The focus on Keir Starmer’s background in the law and justice was also a trick to resonate with voters concerned with crime and anti-social behaviour. The aim was to show Keir Starmer as a leader who can not only take on his own party and be unswayed by pressure, but as a strong politician in his own right who can stand up for British interests. Previous Labour leaders failed this test. Ed Miliband was forced to say whether he was tough enough to take military action during an interview with Jeremy Paxman in 2015, while Jeremy Corbyn was depicted as weak and an enemy of Britain for his commitment to nuclear disarmament, alongside his response to the Salisbury poisonings.
[Read: Tony Blair Wants to Lead the Labour Party Again]
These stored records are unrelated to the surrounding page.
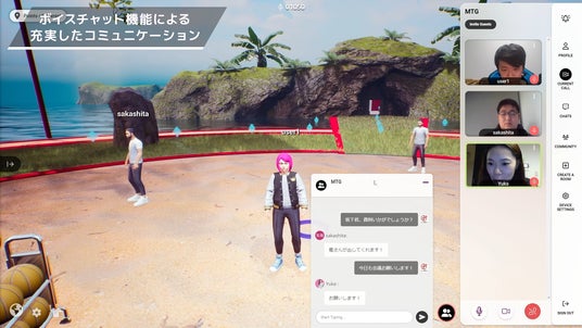 さらに、サイドバーから、テキストチャット、画面共有やビデオ通話機能等を利用することができ、ビジネスシーンにおいて必要不可欠な機能も豊富に取り揃えています。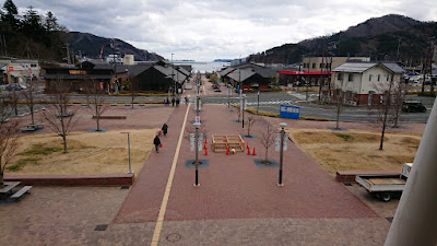 2023年1月中旬、三陸1泊2日旅行の4回目。JR石巻線の終点、女川駅から女川港方面を望む。この一帯は東日本大震災で全滅した。女川は高い防潮堤を建設せず、代わりに町全体をかさ上げする方針で復興を進めた。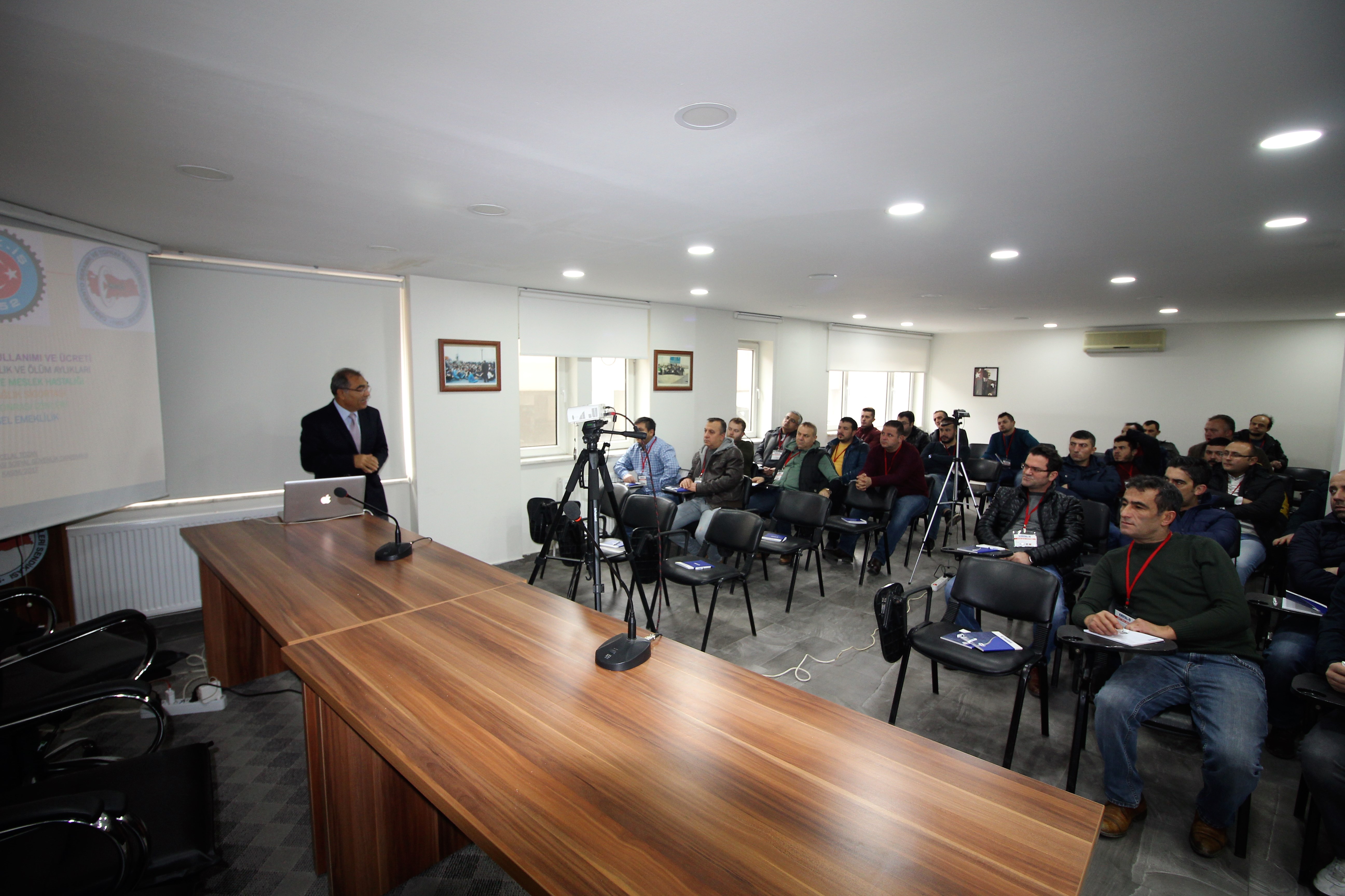 Üye eğitimlerimize sosyal güvenlik uzmanı ve aynı zamanda sosyal güvenlik danışmanımız olan Celal TOZAN ve uzun yıllarını sendikal mücadelelere adayan İstanbul İşçi Sağlığı ve İş Güvenliği Meclisi‘nden Yüksek Kimya Mühendisi Erkan Arslan katıldı. 50 üyemizin katılımı ile gerçekleştirilen eğitimde Erkan Arslan, İş Sağlığı ve Güvenliği Kanunu maddelerine yönelik açıklama ve değerlendirmelerinin yanı sıra ülkemizde yaşanan iş cinayetlerine dair gözlemlerini ve örgütlülük üzerine edindiği deneyimleri üyelerimizle paylaştı. Sosyal güvenlik danışmanımız Celal Tozan, yıllık ücretli izinler, ihbar ve kıdem tazminatı ve bu tazminatlarda zaman aşımı süreleri, genel sağlık sigortası uygulamaları, mazeret izinleri, zorunlu bireysel emeklilik ve iş sağlığı ve güvenliği uygulamalarına ilişkin bir dizi süreç hakkında açıklamalarda bulunurken, sendikamız toplu sözleşme uzmanı Caner Güneş’de 25. Dönem Cam Grup Toplu İş Sözleşmesi, 6356 Sayılı Sendikalar ve Toplu İş Sözleşmesi Kanunu ve grev yasaklarına yönelik değerlendirmelerini üyelerimizle paylaştı.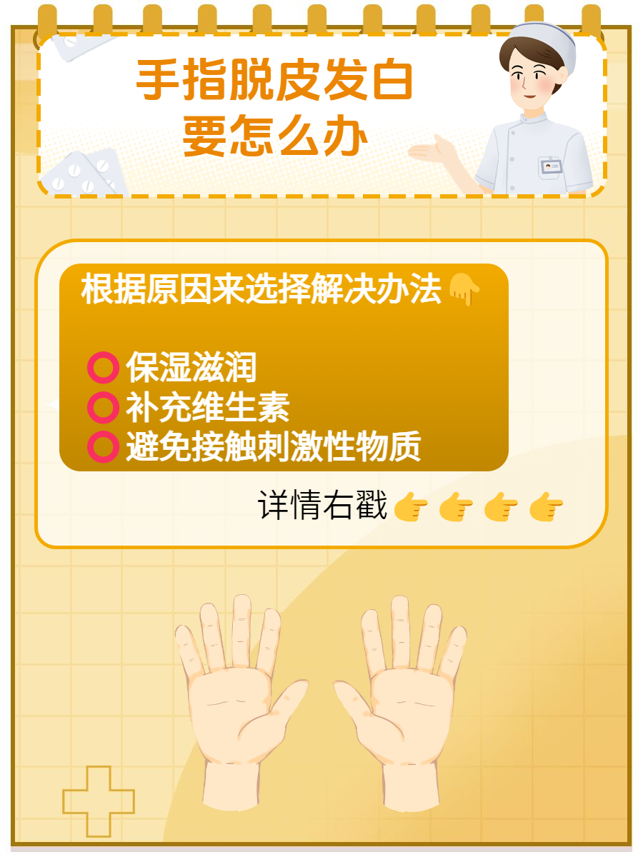 其实,要解决手指脱皮发白需要根据具体病情来选择合适的方法。💊以下所列举的原因是临床工作中碰到比较多的: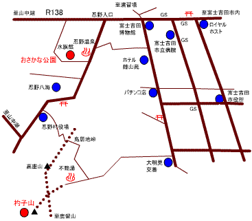 忍野と杓子山の略図 |
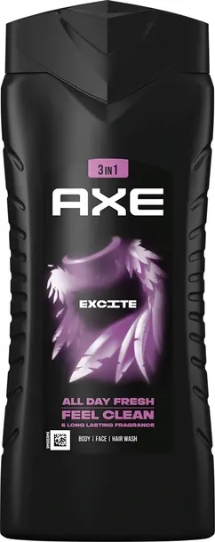 Axe Excite Żel pod prysznic 400 ml to pewny wybór dla mężczyzn, którzy cenią sobie wyraziste zapachy, kompleksową pielęgnację i trwałe uczucie świeżości. Pozwól, by codzienny prysznic stał się chwilą przyjemności i energii na cały dzień.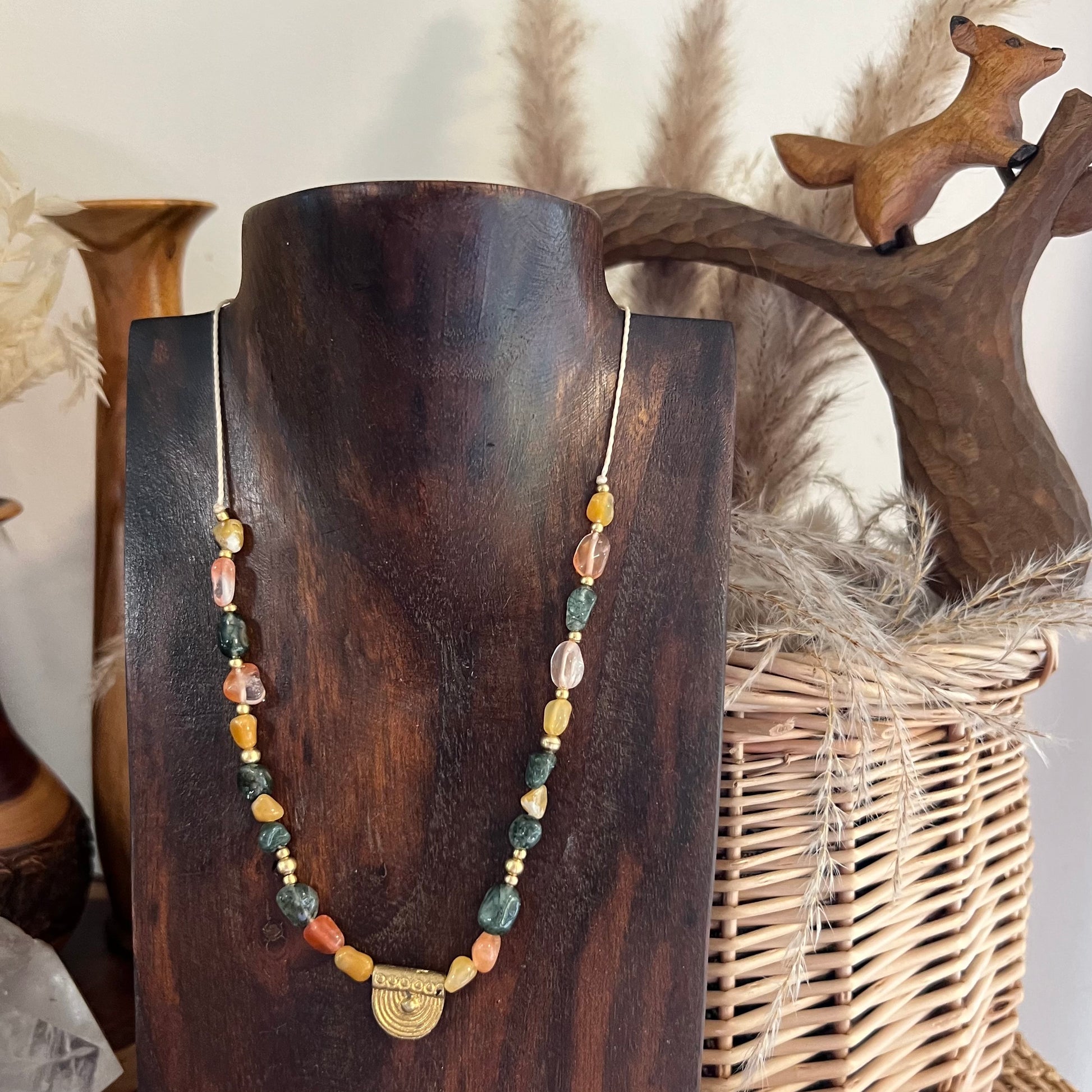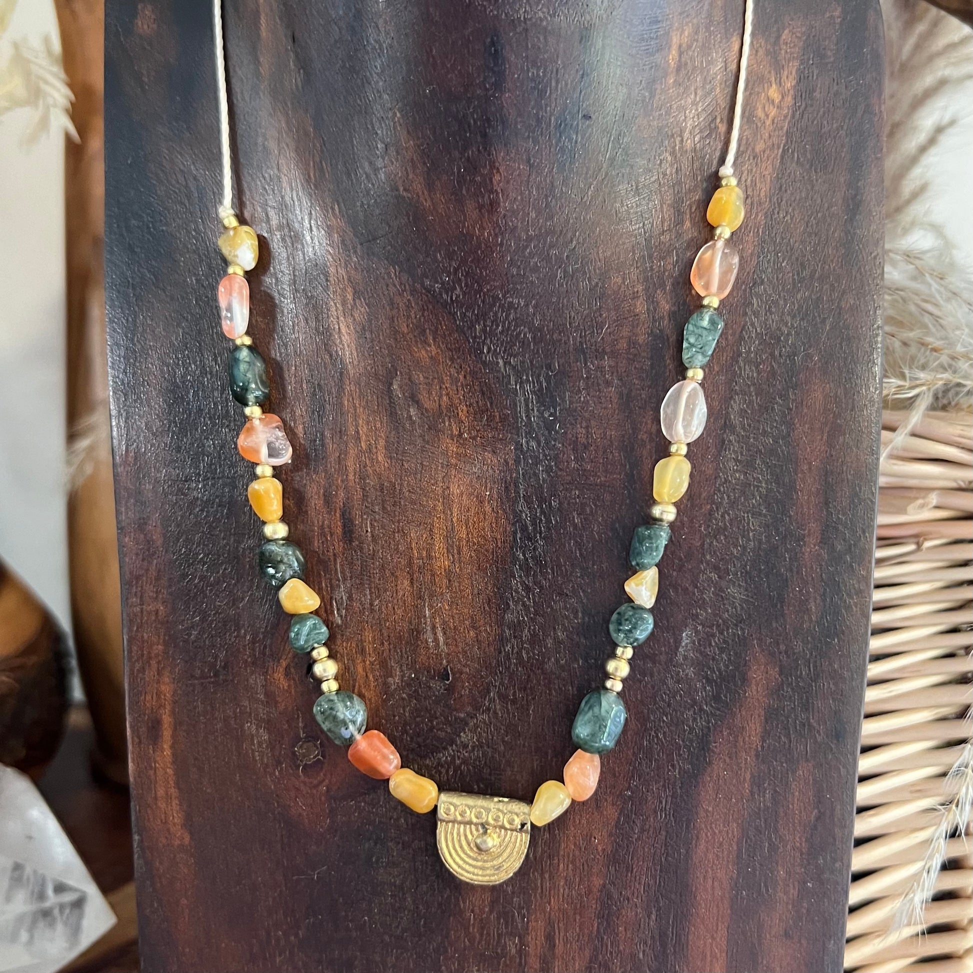 Fortune Quartz refers to the striking inclusions of Chlorite (green), Iron (orange), and Hematite (orange/red), creating its playful style. The necklace is thoughtfully designed to match the different inclusion quartz as closely as possible and accompany them with high-quality brass beads and delicate brass charms. Strung on a durable, adjustable 1mm sand-colour Linhasita cord, the earthy tones are perfect for layering and natural charm.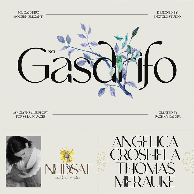 The NCL Gasdrifo is a modern elegant font that includes 387 glyphs, uppercase and lowercase letters, numerals, punctuation, and symbols. It supports 93 languages and comes in True Type Font (TTF), Open Type Font (OTF), and Web Open Format (WOFF1 & WOFF2).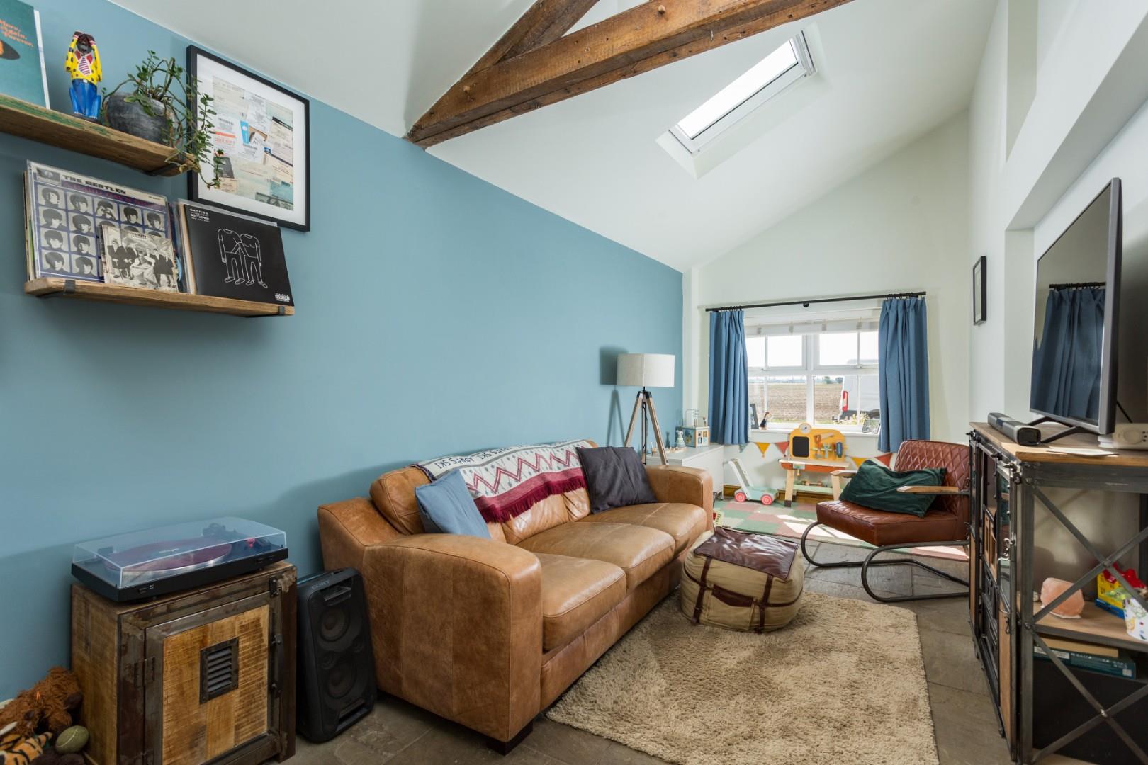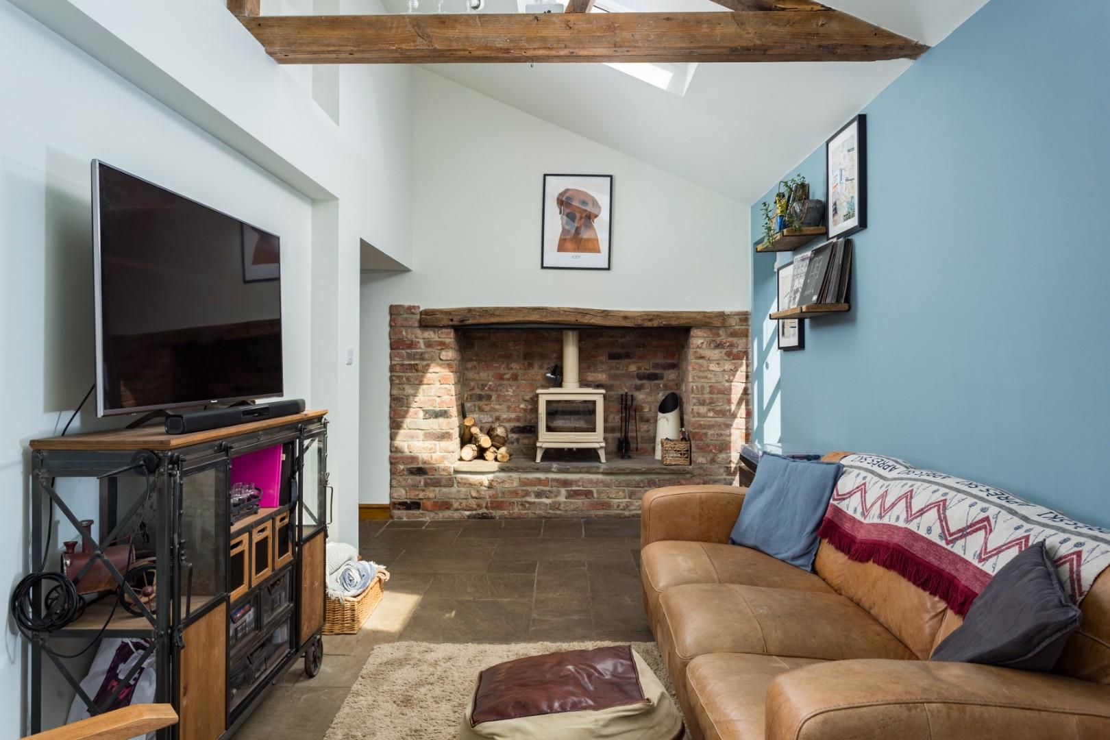 The ground floor is completed by a beautiful formal lounge - a space that is both cosy and impressively proportioned. Bathed in natural light, the room centres around a striking brick-built fireplace, home to a dual-burning stove set beneath a solid oak beam. The vaulted ceiling, with its exposed timber framework, lends a sense of openness and architectural interest, while the views from the windows capture the surrounding fields to both the front and side, reinforcing the home's idyllic rural setting.

Here, then, was Keir Starmer’s pitch to voters: I am not like other politicians. I have transcended through the class barrier and you can too. You will be rewarded for hard work under a Labour government, in a society where we all contribute and benefit. I am strong, but fair. I am a leader, but also a man of the people.
The overall political substance of Keir Starmer’s speech was nothing new. It was largely a reinstatement of a New Labour style of politics. Not everything, however, was rehashed. His focus on the technological revolution (of which Blair is a strong advocate, and long suggested as a way forward for Labour earlier this year) and climate change were welcomed differences. But it was still difficult to see the overarching policy, theme or political idea. The speech felt scattered with various announcements.
Keir Starmer’s execution was also problematic. Jokes, pauses and body language felt forced. A remaining challenge for Keir Starmer is how he can develop his charisma and relate to the public. As one MP who lost their seat in 2019 put it, “The challenge is not to lay out what he believes in academic terms, but to establish an emotional connection. A kind of Prescott punch, really.”
Importantly, we know also know on what terms the next election will be fought, at least on tax and fiscal policies. Dead are the old political rules, where the Labour Party argues for higher taxes and greater spending, and the Conservative Party proposes lower taxation and a smaller state. Instead, Keir Starmer will pivot and focus on he fairness of taxation, who is carrying the burden of taxation, and its value for money. The fiscal arguments, meanwhile, will shift to green borrowing for a fair and heavy net zero transition, while the Conservatives focus on reducing a pandemic deficit.
For months, critics and supporters of Keir Starmer have waited to hear where he stands of policy and politics. Although many policies are yet to be announced, one thing is is now clear: New Labour is back, and it’s ready to govern once again.